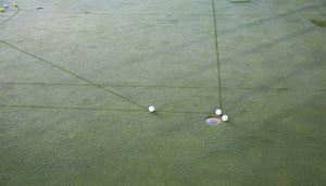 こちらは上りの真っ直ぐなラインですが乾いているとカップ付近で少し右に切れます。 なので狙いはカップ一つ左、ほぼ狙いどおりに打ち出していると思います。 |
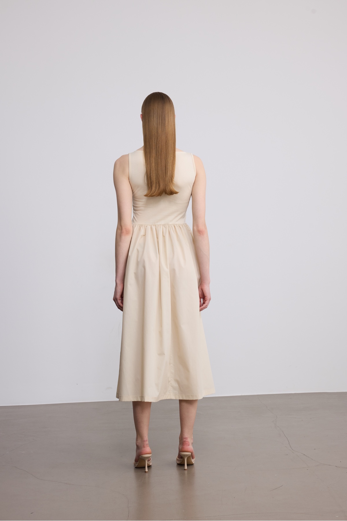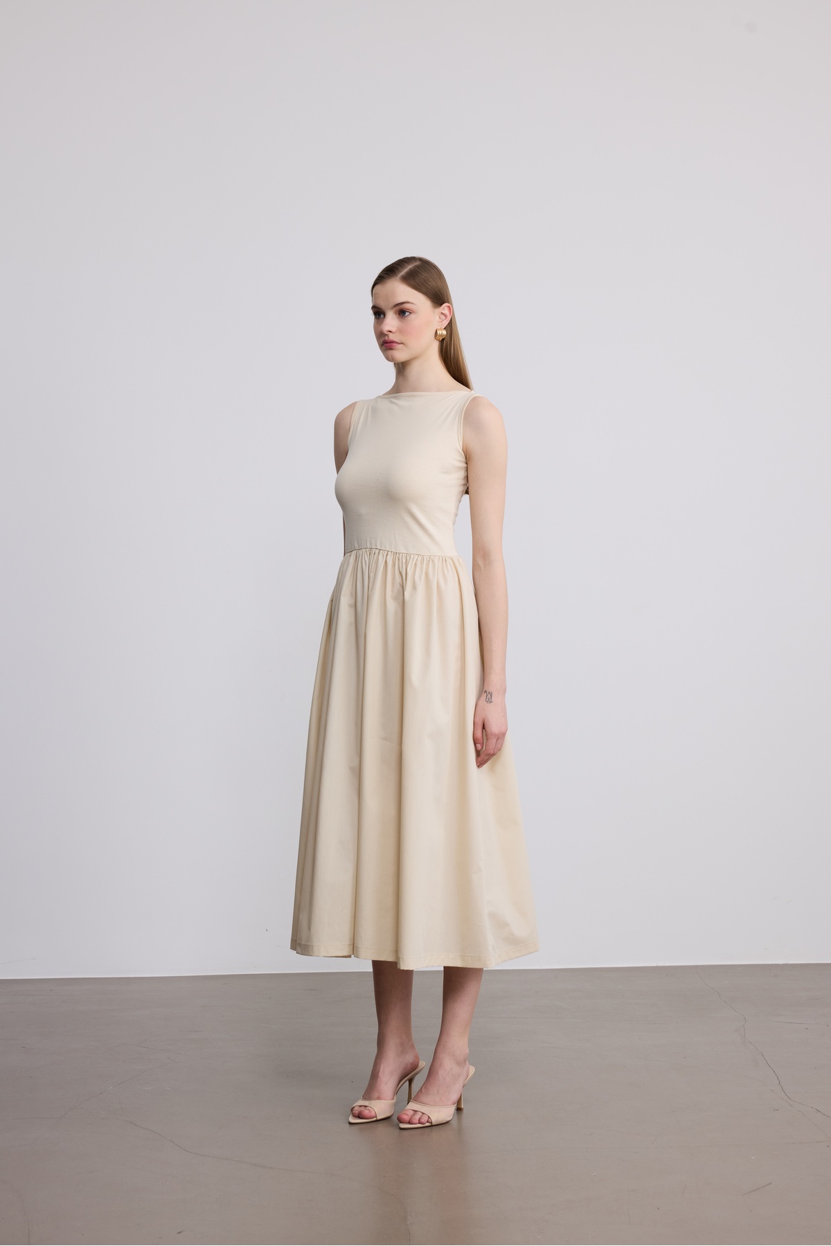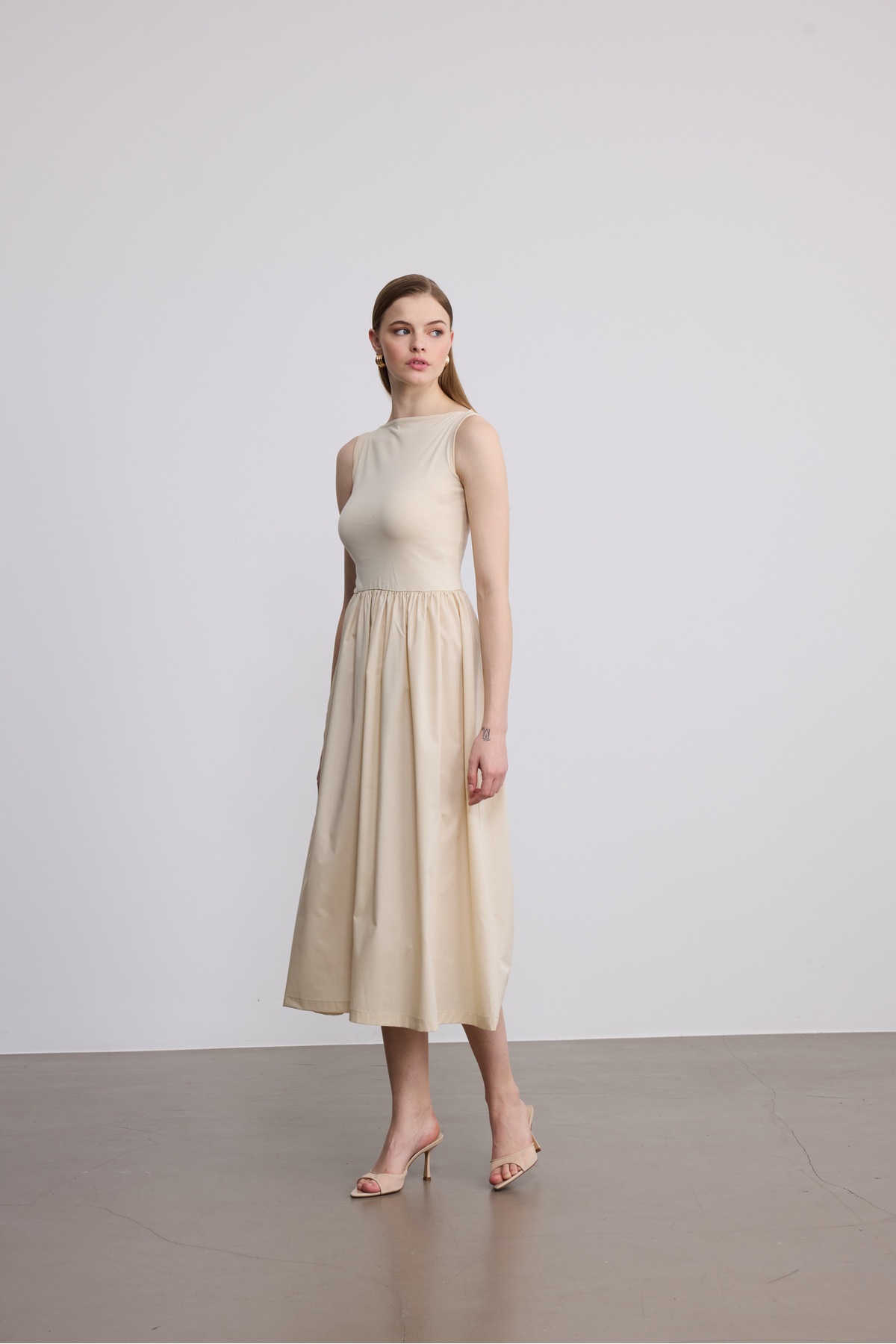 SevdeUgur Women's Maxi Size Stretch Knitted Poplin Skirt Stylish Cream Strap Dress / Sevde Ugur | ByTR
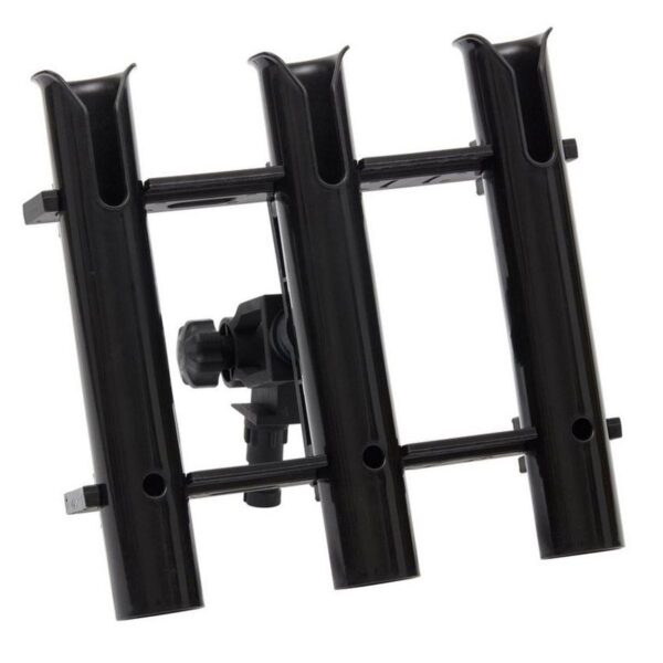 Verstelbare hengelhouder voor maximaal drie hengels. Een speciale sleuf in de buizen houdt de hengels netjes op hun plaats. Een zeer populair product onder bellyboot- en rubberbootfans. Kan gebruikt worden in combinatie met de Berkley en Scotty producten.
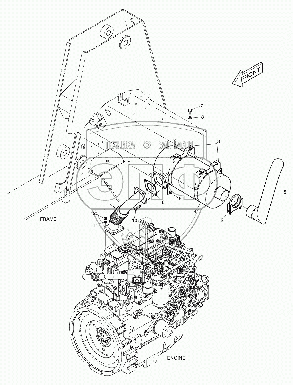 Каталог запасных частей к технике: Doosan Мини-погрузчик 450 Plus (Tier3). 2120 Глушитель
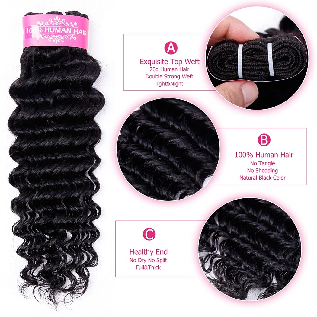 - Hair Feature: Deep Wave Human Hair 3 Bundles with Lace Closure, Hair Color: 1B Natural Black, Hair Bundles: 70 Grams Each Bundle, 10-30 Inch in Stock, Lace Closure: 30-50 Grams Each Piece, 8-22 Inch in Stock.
+--
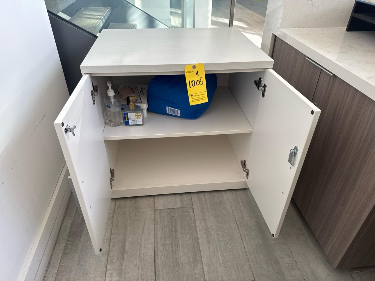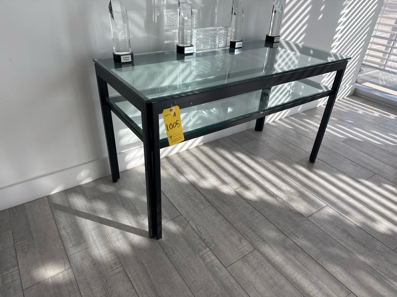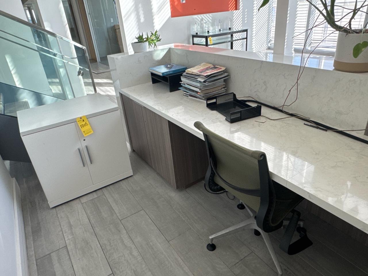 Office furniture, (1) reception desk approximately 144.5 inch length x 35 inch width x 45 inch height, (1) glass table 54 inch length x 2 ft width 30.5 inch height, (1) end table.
+--
* **Assignment**
Return the stretch of data that begins with the line showing "SevdeUgur Women's Maxi" and goes on through the line showing "- Hair Feature: Deep", exactly, with pictures removed.

* **Task result**
 SevdeUgur Women's Maxi Size Stretch Knitted Poplin Skirt Stylish Cream Strap Dress / Sevde Ugur | ByTR
 Verstelbare hengelhouder voor maximaal drie hengels. Een speciale sleuf in de buizen houdt de hengels netjes op hun plaats. Een zeer populair product onder bellyboot- en rubberbootfans. Kan gebruikt worden in combinatie met de Berkley en Scotty producten.
 Каталог запасных частей к технике: Doosan Мини-погрузчик 450 Plus (Tier3). 2120 Глушитель
 - Hair Feature: Deep Wave Human Hair 3 Bundles with Lace Closure, Hair Color: 1B Natural Black, Hair Bundles: 70 Grams Each Bundle, 10-30 Inch in Stock, Lace Closure: 30-50 Grams Each Piece, 8-22 Inch in Stock.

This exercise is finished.